The team decided to study in detail a simpler injection scenario: a jet of water, fired into a suspended droplet of water. The properties of water are better known and can be more carefully calibrated compared to gelatin.

In the new study, the team set up a laser-based microfluidic system and fired off thin jets of water at a single water droplet, or “pendant,” hanging from a vertical syringe. They varied the viscosity of each pendant by adding certain additives to make it as thin as water, or thick like honey. They then recorded each experiment with high-speed cameras.

Playing the videos back at 50,000 frames per second, the researchers were able to measure the speed and size of the liquid jet that punctured and sometimes pierced straight through the pendant. The experiments revealed interesting phenomena, such as instances when a jet was dragged back into a pendant, due to the pendant’s viscoelasticity. At times the jet also generated air bubbles as it pierced the pendant.

“Understanding these phenomena is important because if we are injecting into skin in this way, we want to avoid, say, bringing air bubbles into the body,” Rivas says.

The researchers looked to develop a model to predict the phenomena they were seeing in the lab. They took inspiration from Edgerton’s bullet-pierced apples, which appeared similar, at least outwardly, to the team’s jet-pierced droplets.

They started with a straightforward equation to describe the energetics of a bullet fired through an apple, adapting the equation to a fluid-based scenario, for instance by incorporating the effect of surface tension, which has no effect in a solid like an apple but is the main force that can keep a fluid from breaking apart. They worked under the assumption that, like a bullet, the fired jet would maintain a cylindrical shape. They found this simple model roughly approximated the dynamics they observed in their experiments.

But the videos clearly showed that the jet’s shape, as it penetrated a pendant, was more complex than a simple cylinder. So, the researchers developed a second model, based on a known equation by physicist Lord Rayleigh, that describes how the shape of a cavity changes as it moves through a liquid. They modified the equation to apply to a liquid jet moving through a liquid droplet, and found that this second model produced a more accurate representation of what they observed.
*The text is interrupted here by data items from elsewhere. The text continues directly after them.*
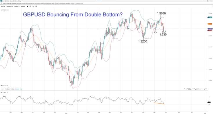 The GBPUSD has been stuck in a sideways trend throughout the summer as investors assessed the outlook for the Fed and the BOE. With greater clarity on the data, the pair could finally break in a new direction. It's just bouncing off support at 1.3300 for the second time, which could form a double bottom, allowing it to head back to the middle Bollinger Band at 1.3520. If it breaks through resistance, it could head toward the September high of 1.3360. On the other hand, if it proves to be a false double bottom, then the pair could move towards support at the August low of 1.3200.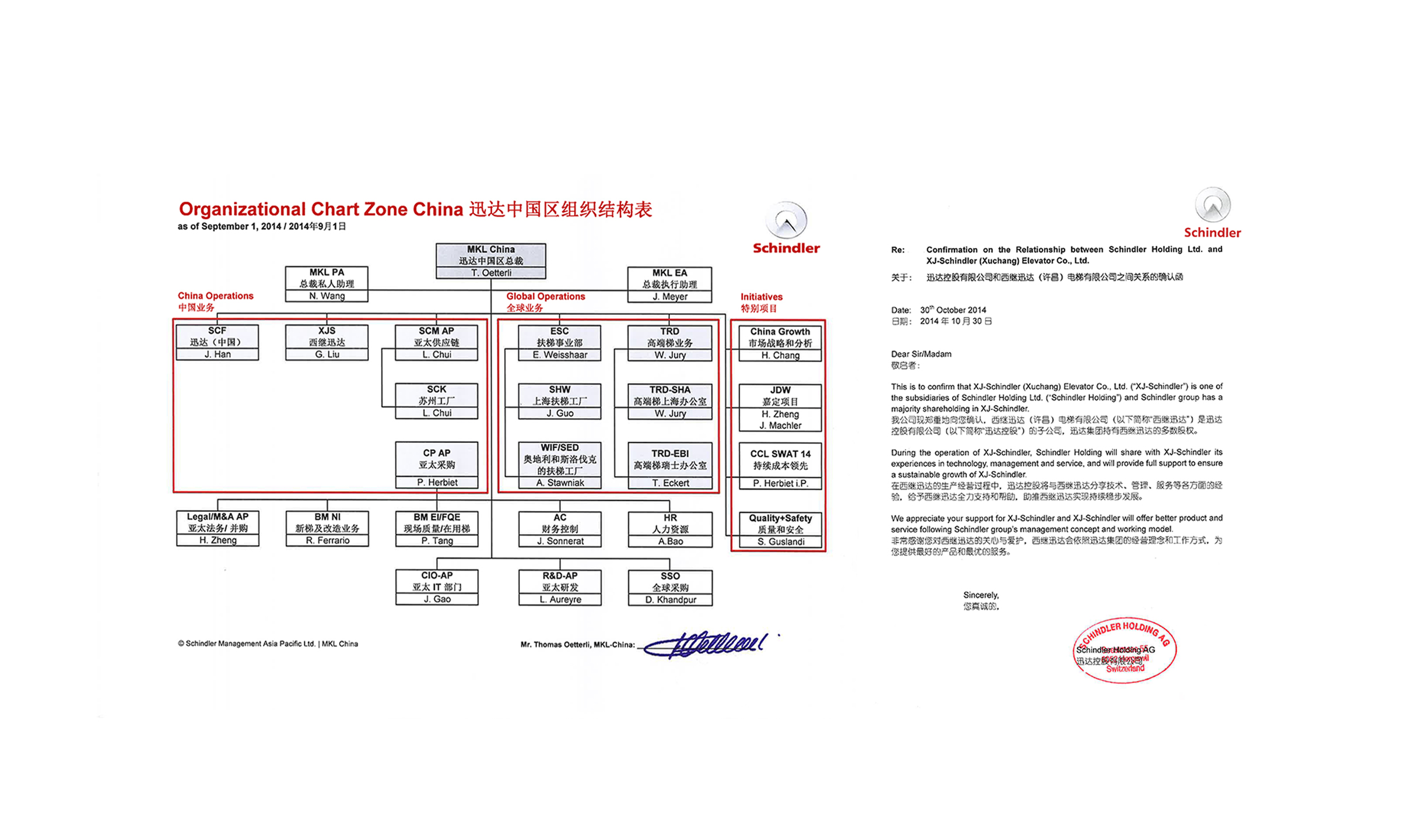 In 2011, XJ established a joint venture with Switzerland Schindler.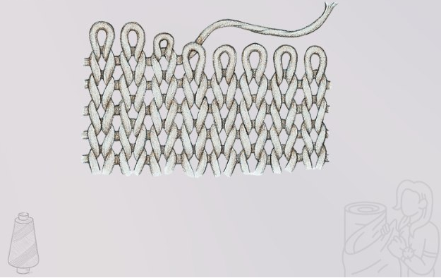 Nếu cắt một miếng vải sau khi nhặt sạch các đầu sợi, ta bắt một mối nối sợi, bắt đầu lực kéo với một lực căng vừa phải sẽ xảy ra hiện tượng các vòng sợi bị kéo tuột ra khỏi vải.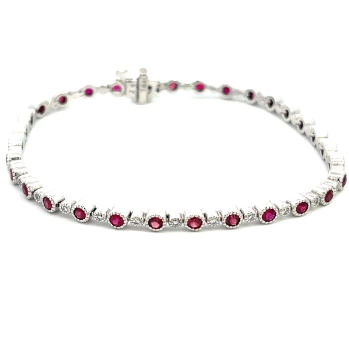 14K White Gold Bracelet with 0.41ctw Diamonds and 2.18ctw RubiesProduct Family: Bracelets Metal Type: 14K White Gold Color: GH Clarity: SI Gram Weight: 9.7 Diamond Total Weight: 0.41 Gem Stone Type: Ruby Gem Stone Weight: 2.18 Gender: Women's

“This new method of generating high-velocity microdroplets is very important to the future of needle-free drug delivery,” Hunter says. “An understanding of how these very fast-moving microdroplets interact with stationary liquids of different viscosities is an essential first step to modeling their interaction with a wide range of tissue types.”

The team plans to carry out more experiments, using pendants with properties even more like those of skin. The results from these experiments could help fine-tune the  models to narrow in on the optimal conditions for injecting drugs, or even inking tattoos, without using needles.

This research was supported in part by the European Research Council under the European Union Horizon 2020 Research and Innovation Programme.